From 2971ed42796b5e79b8ffc0dd84b8474874fb82e8 Mon Sep 17 00:00:00 2001
From: Neil Conway <neil@determined.ai>
Date: Sun, 2 Jun 2024 18:00:23 -0400
Subject: [PATCH v4 5/6] Optimize COPY TO in text format using SIMD

CopyAttributeOutText() does a byte-by-byte loop looking for field delimiters and
escape sequences. Vectorizing this loop using SIMD yields a significant speedup
for wide attributes, assuming that escape sequences are rare.

We don't attempt to apply this optimization when encoding_embeds_ascii is true,
because the bookkeeping required would be complicated.
---
 src/backend/commands/copyto.c | 280 +++++++++++++++++++---------------
 1 file changed, 154 insertions(+), 126 deletions(-)

diff --git a/src/backend/commands/copyto.c b/src/backend/commands/copyto.c
index 9114bb1c48..2453aa08df 100644
--- a/src/backend/commands/copyto.c
+++ b/src/backend/commands/copyto.c
@@ -970,6 +970,145 @@ CopyOneRowTo(CopyToState cstate, TupleTableSlot *slot)
 	MemoryContextSwitchTo(oldcontext);
 }
 
+static void
+EmitTextCharacter(CopyToState cstate, char c)
+{
+	char	delimc = cstate->opts.delim[0];
+
+	if ((unsigned char) c < (unsigned char) 0x20)
+	{
+		/*
+		 * \r and \n must be escaped; we choose to escape several other common
+		 * control characters for the sake of tradition. We prefer to dump
+		 * these using the C-like notation, rather than a backslash and the
+		 * literal character, because it makes the dump file a bit more proof
+		 * against Microsoftish data mangling.
+		 */
+		switch (c)
+		{
+			case '\b':
+				c = 'b';
+				break;
+			case '\f':
+				c = 'f';
+				break;
+			case '\n':
+				c = 'n';
+				break;
+			case '\r':
+				c = 'r';
+				break;
+			case '\t':
+				c = 't';
+				break;
+			case '\v':
+				c = 'v';
+				break;
+			default:
+				/*
+				 * Record delimiter must be escaped, even if it is a control
+				 * character.
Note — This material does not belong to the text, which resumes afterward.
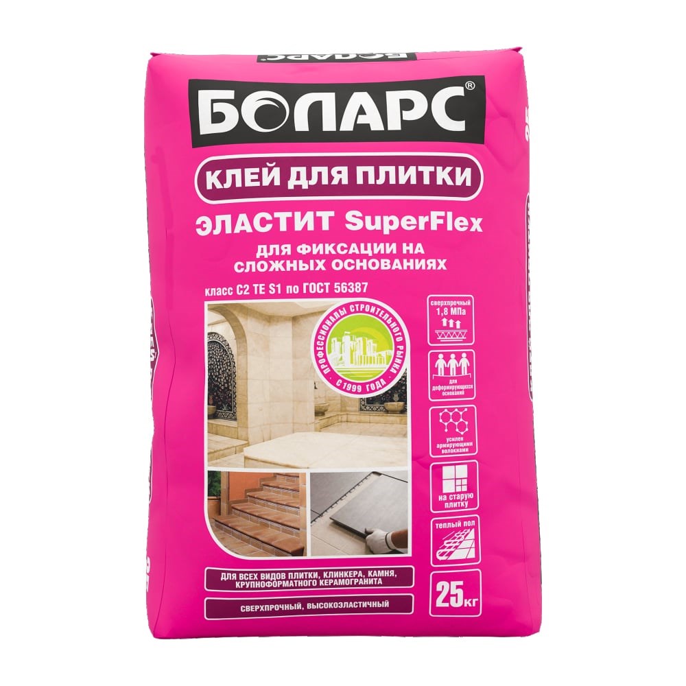 Клей для плитки БОЛАРС ЭЛАСТИТ SUPER FLEX 25 кг, класс C2TES1 00000038369 - высокоэластичный, сверхпрочный, стойкий к сползанию клей для надежного крепления всех видов керамической плитки, клинкера, а также керамогранита, мрамора, натурального и искусственного камня. Обеспечивает максимальную прочность сцепления с основаниями, в том числе, деформирующимися, а также с основаниями, подверженными вибрациям. Применяется по основаниям, подверженным температурным колебаниям (террасы, балконы, полы с подогревом) и повышенным эксплуатационным нагрузкам (торговые центры, промышленные цеха, склады). Надежен при эксплуатации в условиях постоянного и периодического контакта с водой: для облицовки чаш бассейнов, фонтанов, ванных комнат, душевых, бань, саун, подвалов, фасадов, цоколя. Подходит для приклеивания плитки на старую плитку. Рекомендован для облицовки лестниц.  Используют по основаниям: бетон (пено-, газо-, шлакобетон, газосиликат), цементные основания (цементная и цементно-известковая штукатурка и шпатлевка, стяжка, наливной пол), гипсовые основания (штукатурка, ПГП, наливной пол), кирпич, ГКЛ, ГВЛ, ЦСП, OSB. Изготовлен на основе высококачественного цемента, фракционированного песка, высокоэффективных модифицирующих добавок и полимеров.

Other control characters can be emitted as-is.
+				 */
+				if (c != delimc)
+				{
+					CopySendChar(cstate, c);
+					return;
+				}
+		}
+
+		CopySendChar(cstate, '\\');
+		CopySendChar(cstate, c);
+	}
+	else if (c == '\\' || c == delimc)
+	{
+		CopySendChar(cstate, '\\');
+		CopySendChar(cstate, c);
+	}
+	else
+	{
+		CopySendChar(cstate, c);
+	}
+}
+
+/*
+ * Send text representation of one attribute, with conversion and escaping.
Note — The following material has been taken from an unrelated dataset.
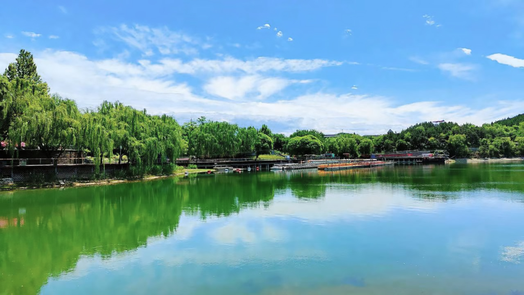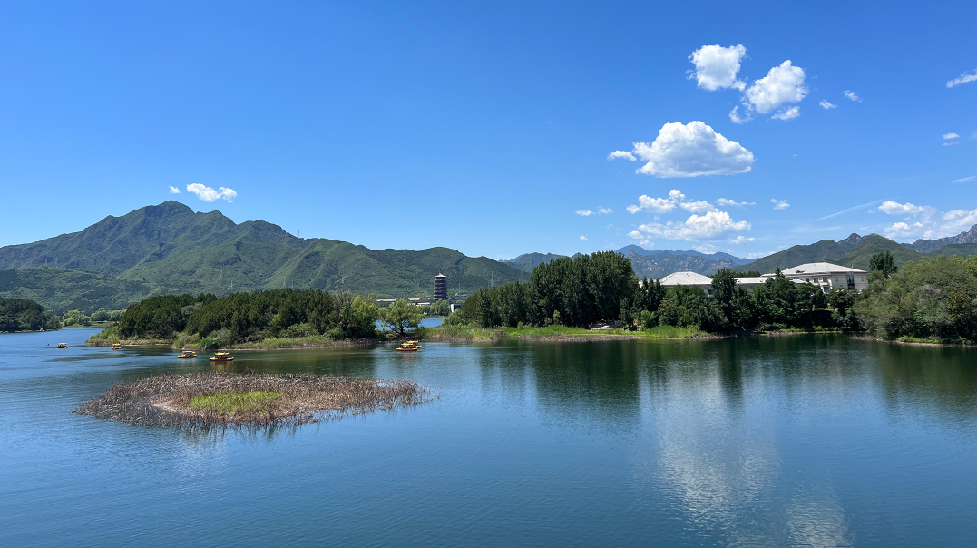 碧蓝如洗的晴空下,雁栖湖似一块美玉,远处青山黛绿,近处轻舟摇曳,美不胜收。坐上游船划进湖中央,阳光洒落在湖面上波光粼粼,耳边只剩下荡漾的湖水声,让人享受难得的清凉与静谧。

+ * This variant is vectorized using SIMD instructions.  This is significantly
+ * faster for wide attributes, assuming that control characters are rare.
+ *
+ * This variant assumes that encoding_embeds_ascii is false.  This simplifies
+ * the implementation because we can look at arbitrary-sized chunks of bytes,
+ * without needing to go through the pg_encoding_mblen() machinery to ensure
+ * that multibyte characters don't cross chunk boundaries.  In principle we
+ * could combine vectorization with such encodings, but the bookkeeping
+ * required would be complicated.
+ */
+static void
+CopyAttributeOutTextVector(CopyToState cstate, const char *ptr)
+{
+	int			i;
+	int			len;
+	int			vlen;
+	int			start_idx;
+	Vector8		chunk;
+	char		delimc = cstate->opts.delim[0];
+
+	len = strlen(ptr);
+	vlen = len & (int) (~(sizeof(Vector8) - 1));
+	start_idx = 0;
+
+	for (i = 0; i < vlen; i += sizeof(Vector8))
+	{
+		vector8_load(&chunk, (const uint8 *) &ptr[i]);
+
+		/*
+		 * Check if the chunk contains any field delimiters or escape
+		 * sequences.  If so, switch to byte-by-byte processing.
+		 */
+		if (vector8_has_le(chunk, (unsigned char) 0x1f) ||
+			vector8_has(chunk, (unsigned char) '\\') ||
+			vector8_has(chunk, (unsigned char) delimc))
+		{
+			for (int j = i; j < (i + sizeof(Vector8)); j++)
+			{
+				char c = ptr[j];
+
+				if ((unsigned char) c <= (unsigned char) 0x1f ||
+					c == '\\' || c == delimc)
+				{
+					if (j > start_idx)
+					{
+						CopySendData(cstate, ptr + start_idx, j - start_idx);
+						start_idx = j;
+					}
+					EmitTextCharacter(cstate, c);
+					start_idx++;
+				}
+			}
+		}
+	}
+
+	/* Process the tail of the string */
+	for (; i < len; i++)
+	{
+		char c = ptr[i];
+
+		if ((unsigned char) c <= (unsigned char) 0x1f ||
+			c == '\\' || c == delimc)
+		{
+			if (i > start_idx)
+			{
+				CopySendData(cstate, ptr + start_idx, i - start_idx);
+				start_idx = i;
+			}
+			EmitTextCharacter(cstate, c);
+			start_idx++;
+		}
+	}
+
+	if (i > start_idx)
+		CopySendData(cstate, ptr + start_idx, i - start_idx);
+}
+
 #define DUMPSOFAR() \
 	do { \
 		if (ptr > start) \
@@ -992,137 +1131,26 @@ CopyAttributeOutText(CopyToState cstate, const char *string)
 	else
 		ptr = string;
 
-	/*
-	 * We have to grovel through the string searching for control characters
-	 * and instances of the delimiter character.  In most cases, though, these
-	 * are infrequent.  To avoid overhead from calling CopySendData once per
-	 * character, we dump out all characters between escaped characters in a
-	 * single call.  The loop invariant is that the data from "start" to "ptr"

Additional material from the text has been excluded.